Based on assumption (a), vf = vd. Therefore k1[ES] = (k-1 + k2)[ES]
which means if we define Km ≡ (k-1 + k2) / k1,
then [E]tot[S]/(Km + [S]) = [ES]
Now we can employ assumption (e), which tells us that the overall reaction rate, v0 = v2, That is, the overall velocity is equal to the velocity of the last step, the conversion of ES to E and P. But the latter velocity is v2 = k2[ES], so
v0 = k2[E]tot[S] / (Km + [S])
Under what circumstances, given a fixed [E]tot,
will the reaction operate at its maximal velocity?
It is logical to say that the highest possible rate we can achieve would
occur when the substrate concentration is very high,
i.e. [S] >> [E]tot.
If that is true, then v0 will be as large as it possibly
can be for a given [E]tot.
In that case, since [S] is very large, it will be much larger than
Km, so the denominator Km + [S]
≈[S], so for that case
v0 = k2[E]tot[S] / [S] = k2[E]
We describe the reaction velocity under these saturating conditions as Vmax, so we can write the general equation as
v0 = Vmax [S] / (Km + [S])
This is the form of the Michaelis-Menten equation with which we will ordinarily work.
We often are interested in the basic properties of an enzyme.
Km is an actual property of the enzyme;
Vmax is not,
because it will be much larger if we increase the enzyme concentration.
So we normalize it to the enzyme concentration and define
kcat ≡ Vmax / [E]tot
Now for our simple Michaelis-Menten system you can readily see that, kcat = k2; in more complex system kcat may have a more complex relationship with the underlying kinetic parameters.
The kinetic constants, Km, kcat, and Vmax provide information about the properties of an enzyme with respect to its substrates. The Michaelis constant Km measures how stable the enzyme-substrate complex is; kcat tells us the first-order rate constant for converting the enzyme-substrate complex, ES, to the product and the recovered enzyme; it describes the rate of the reaction when the substrate is not limiting. Vmax shows us the fastest possible rate at which the reaction will proceed given the current set of conditions.
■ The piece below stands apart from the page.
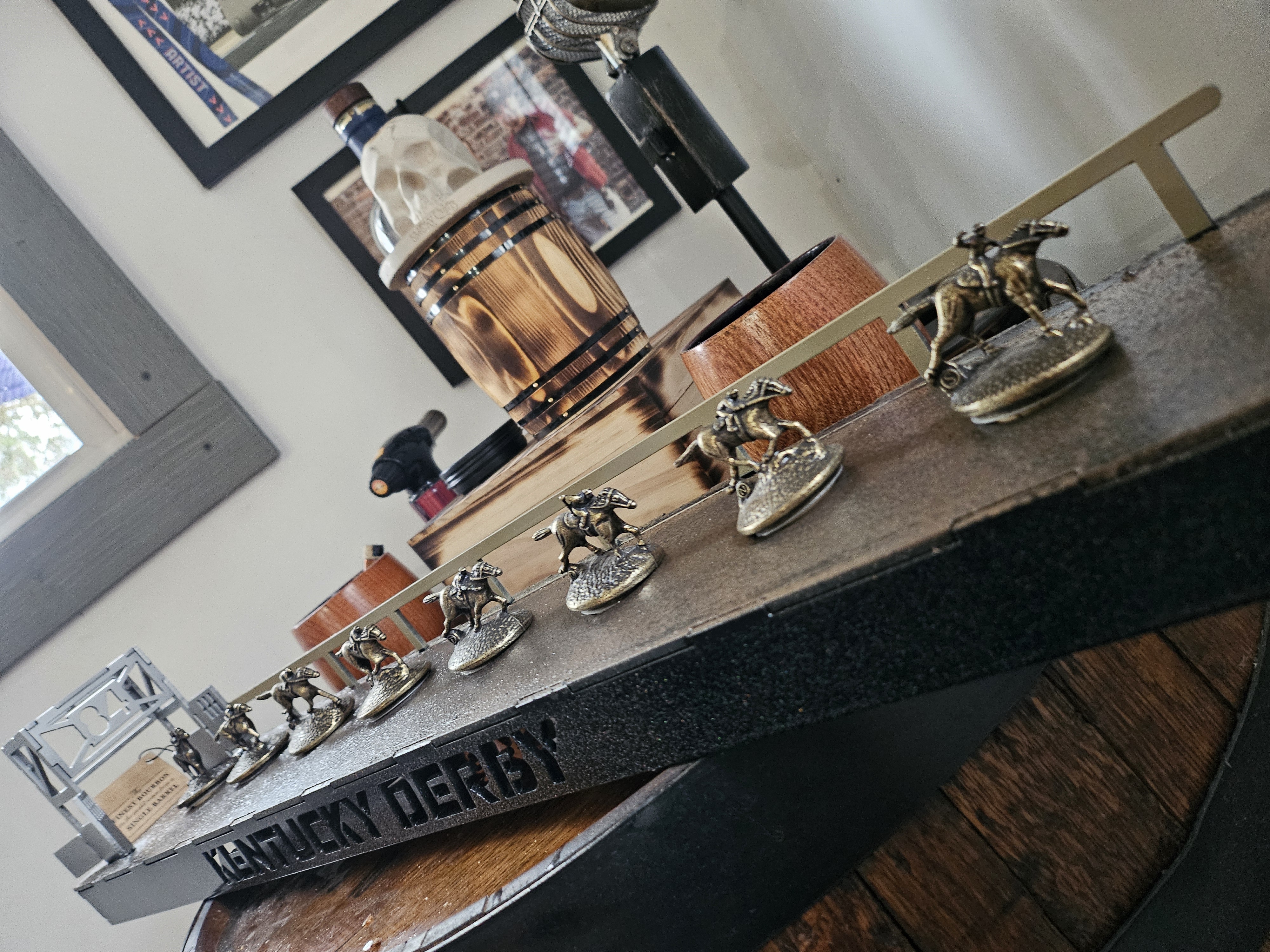 Display all of the Blanton's toppers in the style of the Kentucky Derby! made for .125" or under. #84 number card for 1984 when Blanton's whiskey was founded!

More briefly, Kcat characterizes the binding of the substrate to the enzyme; kcat characterizes the effectiveness of the enzyme in turnover, i.e. converting reactant to product or vice versa.
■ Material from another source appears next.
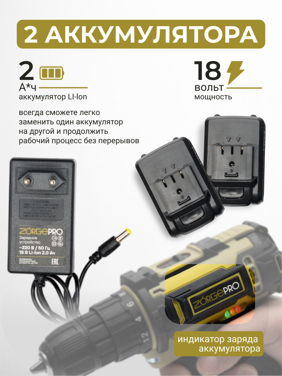 Купить Дрель-шуруповёрт ZORGEPRO, ДА-18V, 18В, Li-Ion, 2 аккумулятора, кейс с доставкой по всей России. Дрель-шуруповёрт ZORGEPRO, ДА-18V, 18В, Li-Ion, 2 аккумулятора, кейс: сравнение цен, характеристики, фото, актуальное наличие и цены.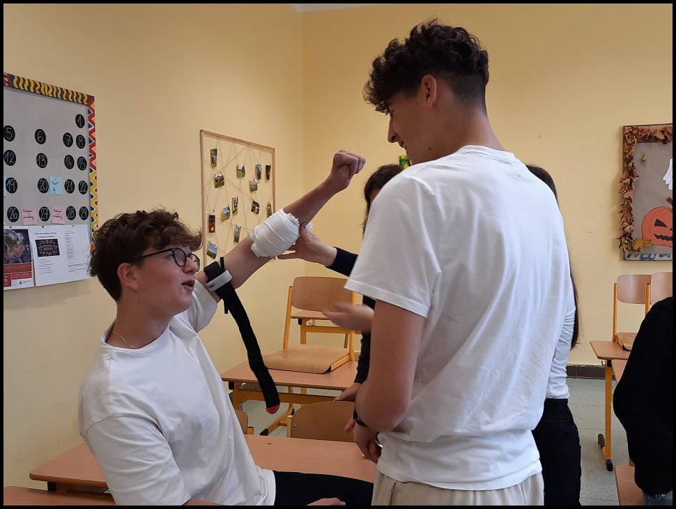 Třídy 6.E, 5.L a 1.A se 25. října vzdělávaly v rámci celoškolního projektu ve zdravovědě. Všechny skupiny si prošly teoretickou přípravou, prakticky si procvičily základní dovednosti obvazování, transportu raněných a KPR a své vědomosti upevnily kvízem.

It's typical for the Km of an enzyme for a substrate to be close to the cellular concentration of that metabolite. This enables the enzyme to respond proportionally to changes in the substrate concentration; the enzyme then can act as a kind of buffer of the concentration of that substrate as external influences modify that concentration.
An important parameter is the ratio of kcat to Km. As Horton says, this measures the apparent second-order rate constant for the formation of enzyme and product from enzyme and substrate when the overall reaction is limited by the encounter of S with E. Some particularly effective enzymes deliver a value of kcat / Km in the range of 108 to 109 M-1s-1. Under these conditions the reaction is in fact diffusion-limited; that is, the reaction is proceeding as fast as it can given the ability of the two solutes to approach one another.
This ratio, kcat / Km, can be described as a measure of the specificity of the enzyme. Horton provides the details, but the general point is this: given two different substrates, the one with the higher kcat / Km ratio is the one for which the product can be produced the most rapidly.